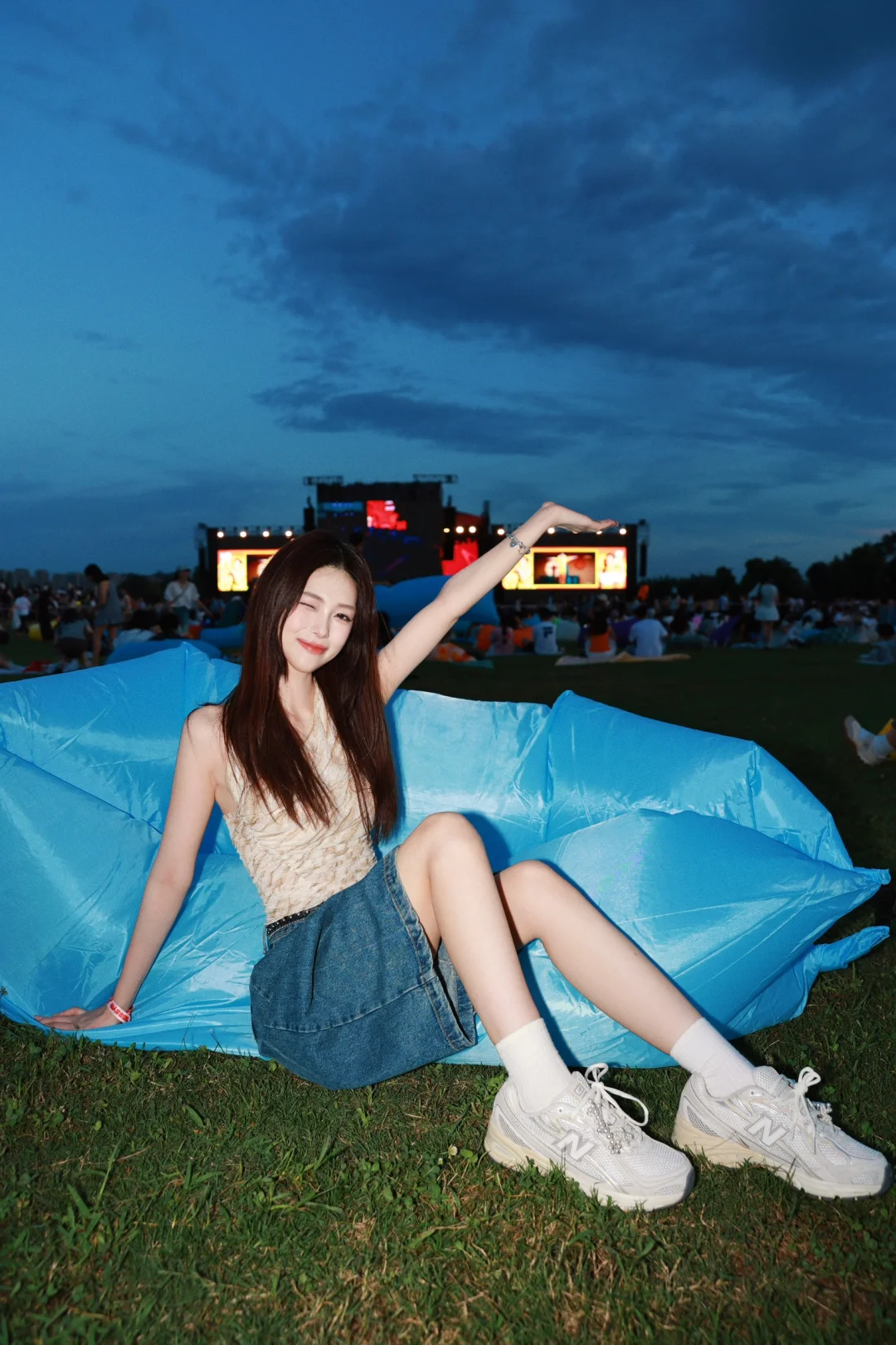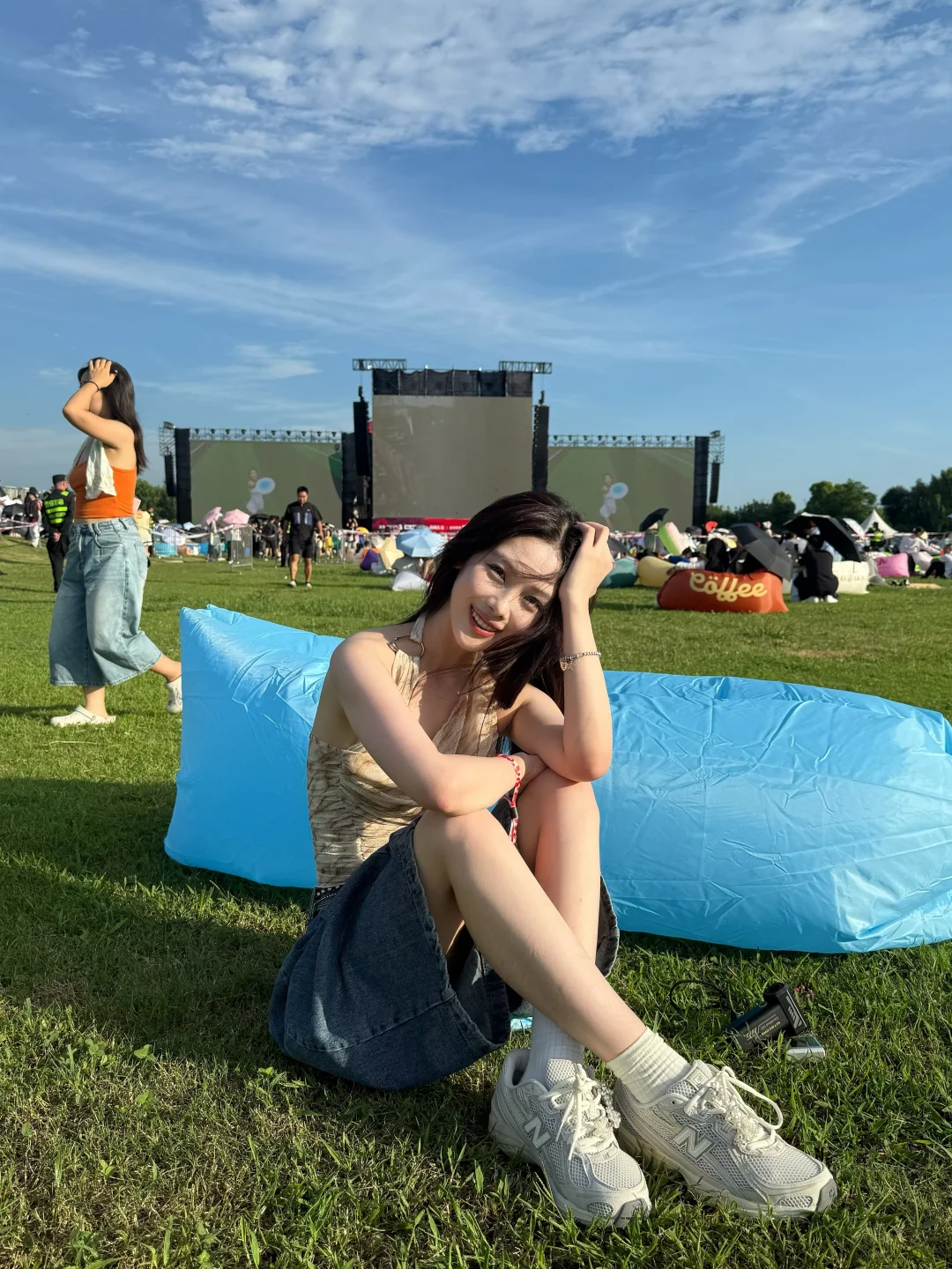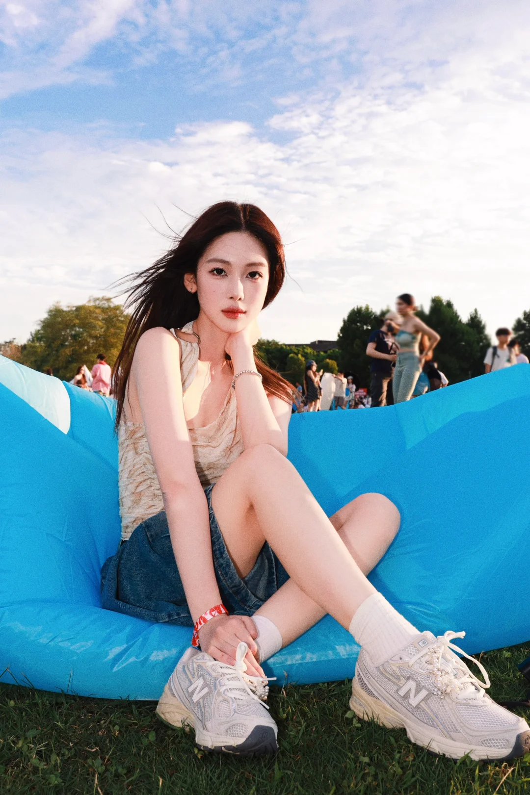 人生第一次去音乐节! 风和阳光都刚好~love 哪有 live 好 闯入落日狂欢派对 牛仔蓝撞色霓虹光 音乐节永不褪色的入场券 踩一双米色 new balance 740 上衣呼应鞋子 在鼓点与夕阳的裂缝里 做移动的彩色火焰 轻便得像没穿 却蹦整晚不累 稳稳接住每一个 pogo 的暴烈瞬间 无论是嬉皮风还是韩女辣妹 这双 740 总陪我闯进最燥的人群 下次音乐节继续做彼此的共犯吧
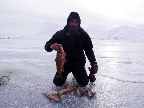 Buz kaplı Çıldır Gölü'nde balık avı/video
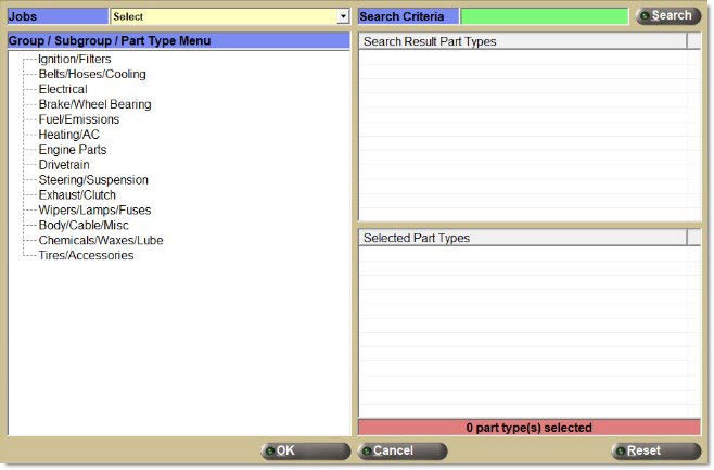 Allows selection of a previously set up "job" that is made up of parts that are usually sold together for a single fix.
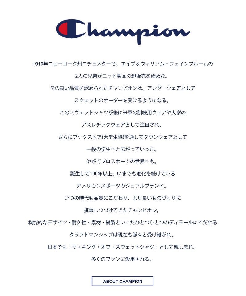 機能的なデザイン・耐久性・素材・縫製といったひとつひとつのディテールにこだわる クラフトマンシップは現在も脈々と受け継がれ、日本でも「ザ・キング・オブ・スウェットシャツ」として親しまれ、多くのファンに愛用される。

What needs to be done
Your task is to write out, exactly and without pictures, only the lines from the one holding "Buz kaplı Çıldır Gölü'nde balık avı/video" to the last line of the data.

Completed task
 Buz kaplı Çıldır Gölü'nde balık avı/video
 Allows selection of a previously set up "job" that is made up of parts that are usually sold together for a single fix.
 機能的なデザイン・耐久性・素材・縫製といったひとつひとつのディテールにこだわる クラフトマンシップは現在も脈々と受け継がれ、日本でも「ザ・キング・オブ・スウェットシャツ」として親しまれ、多くのファンに愛用される。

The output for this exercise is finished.